§ Exercise data:
□ □ □ □ □

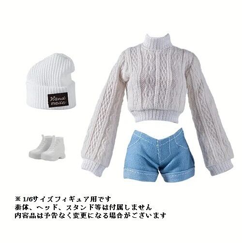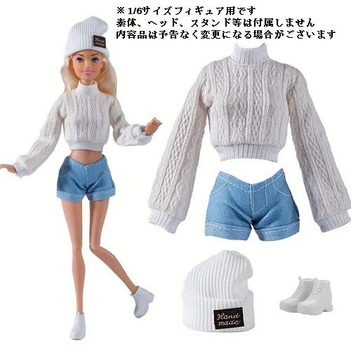 1/6サイズフィギュア用衣装 ロングスリーブニットセーター&ショートパンツ コスチュームセット 白色
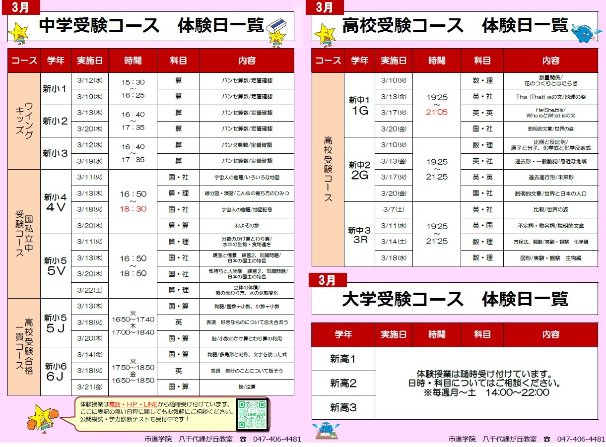 ![]() お問い合わせ・お申し込みは 市進学院八千代緑が丘教室 ☎047-406-4481 |
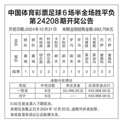 中国体育彩票足球6场半全场胜平负 第24208期开奖公告

□ □ □ □ □

§ Try it: Copy out exactly the lines from the one with "市進学院八千代緑が丘教室 ☎047-406-4481 |" through the end of the listing, both ends included, omitting any picture.

§ Result of this task:
 ![]() お問い合わせ・お申し込みは 市進学院八千代緑が丘教室 ☎047-406-4481 |
 中国体育彩票足球6场半全场胜平负 第24208期开奖公告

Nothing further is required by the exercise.